2. A load management control system as claimed in claim 1, further
comprising:
means for comparing said inside temperature to a preset limit to
determine whether said inside temperature exceeds said preset
limit; and
means for blocking control of said controlling means when said
indoor temperature exceeds said preset limit.
3. A load management control system as claimed in claim 1, further
comprising means for ramping inside temperature changes so as to
not take place faster than a predetermined rate when a sudden drop
in outside temperature occurs.
4. A load management control system as claimed in claim 1, wherein
said external control device is a load management controller having
a dry contact.
5. A load management control system as claimed in claim 1, wherein
said external control device is a communications subsystem.
6. A load management control system as claimed in claim 1, wherein
said determining means and said comparing means are each
operational amplifiers analog circuits.
7. A load management control system as claimed in claim 1, wherein
said controlling means controls an output relay, said relay being
connected to said air conditioner control circuit.
8. A load management control system as claimed in claim 1, wherein
said determining means, said comparing means, said detecting means
and said controlling means is a microprocessor.

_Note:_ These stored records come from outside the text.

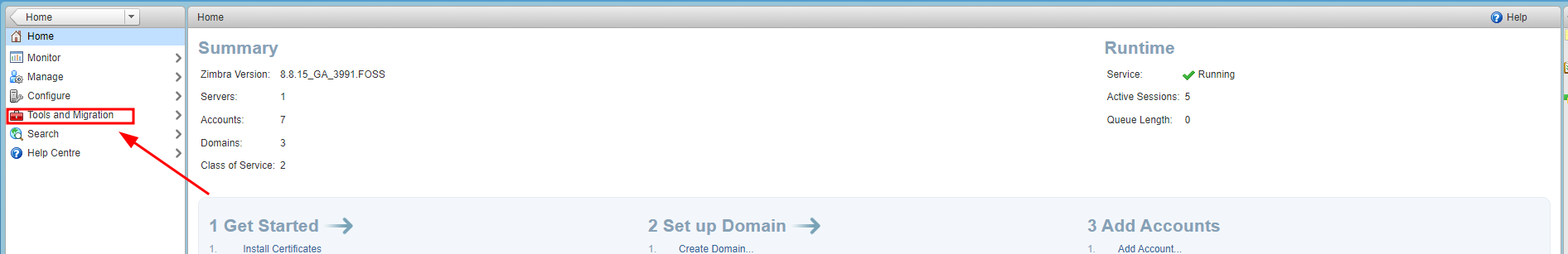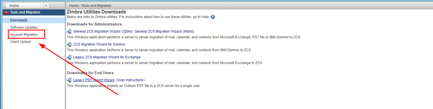 Bước 2: Import thông qua giao diện ZimbrAdmin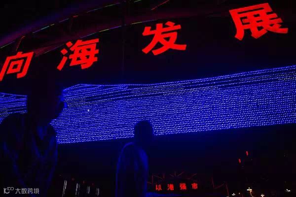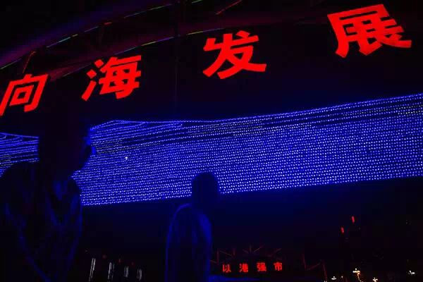 2014年9月6日,辽宁省盘锦市,夜晚中的霓虹灯上写着“向海发展”。 澎湃新闻记者 孙湛 图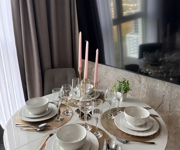 Вместимость до 4 гостей: просторная однокомнатная квартира с раскладным диваном и двуспальной кроватью, совмещённый санузел с ванной, панорамные окна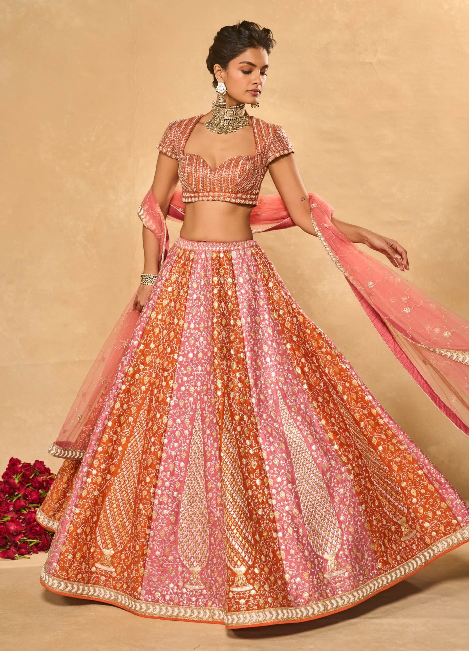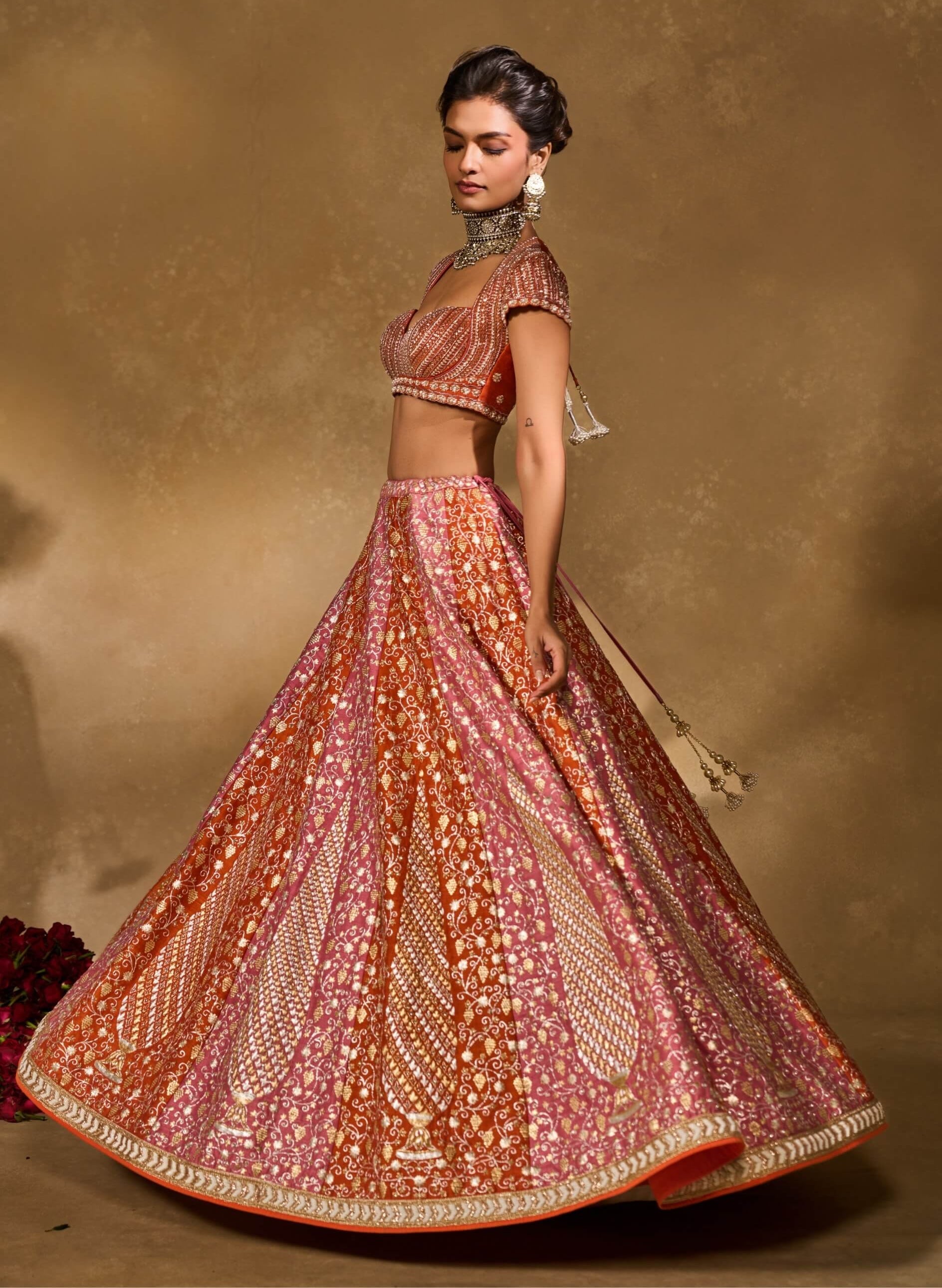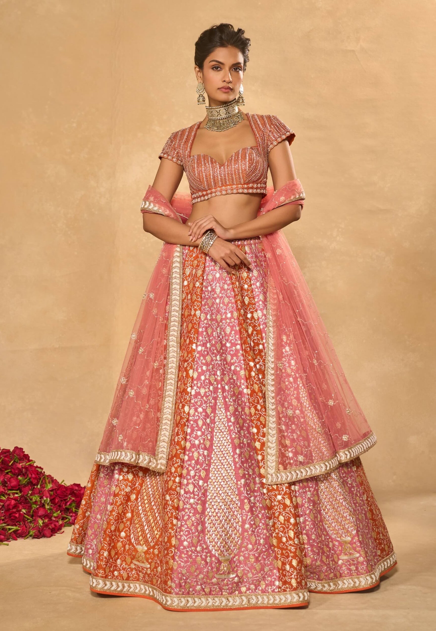 Richly embellished and vibrant, this mauve pink and orange lehenga is adorned with pita, glass beads, stones, pearls, zardozi, and zari. The sweetheart-neck blouse enhances the silhouette. A heavily encrusted tulle dupatta adds drama. Designed for bold festive dressing. Perfect for receptions and weddings.

9. A method of controlling an air conditioning system comprising
the steps of:
operating the air conditioning system at full load;
determining a temperature outside an enclosure to be air
conditioned;
determining a temperature inside said enclosure;
determining the difference between said inside and outside
temperatures;
interrupting a control circuit of a cooling device of said air
conditioning system when said difference exceeds a predetermined
differential so as to reduce electrical load; and
resuming operation of said cooling device at full load when said
inside temperature rises to reduce the difference between said
inside and outside temperature below said predetermined
differential.
10. A method of controlling an air conditioning system as claimed
in claim 9, wherein the steps of determining a difference between
inside and outside temperatures, and interrupting and resuming the
operation of said cooling device are is accomplished by an analog
circuit.
11. A method of controlling an air conditioning system as claimed
in claim 9, wherein the steps of determining a difference between
inside and outside temperatures, and interrupting and resuming the
operation of said cooling device are is accomplished by a digital
circuit.
12. A method of controlling an air conditioning system comprising
the steps of:
establishing an inside temperature set point;
operating the air conditioner at full load;
determining a temperature outside an enclosure to be air
conditioned;
determining a temperature inside said enclosure;
determining the difference between said inside and outside
temperatures;
interrupting a control circuit of a cooling device of said air
conditioning system when said difference exceeds a predetermined
differential so as to reduce electrical load; and
preventing said indoor temperature from exceeding a predetermined
value greater than said inside temperature set point by cooling
said enclosure while at a reduced load; and
resuming operation of said cooling device at full load when said
inside temperature rises to reduce the difference between said
inside and outside temperature below said predetermined
differential.
Description
BACKGROUND OF THE INVENTION
1. Field of the Invention
This invention relates to a control system for controlling the
operation of an air conditioning system, and more particularly to a
load management control system for reducing air conditioning load
during peak periods.
2. Description of the Art
The control of temperature in enclosed areas such as residential
and commercial buildings is important for comfort of the
inhabitants as well as for efficiency. Energy considerations become
important when the outside temperature substantially exceeds an
indoor temperature set point. In conventional air conditioning
systems, automatic controls maintain cooling levels in a selected
range. Most thermostatic controls permit the user to set a
prescribed temperature above which the system will energize to cool
the building. However, when the outdoor temperature greatly exceeds
the indoor temperature set point, a substantial energy load is
required to maintain the indoor temperature. As a result, excessive
cooling of the building adversely effects the physical condition of
building occupants, and energy is wasted since the air conditioner
is operated to provide an energy load in excess of that required to
maintain a comfortable interior temperature.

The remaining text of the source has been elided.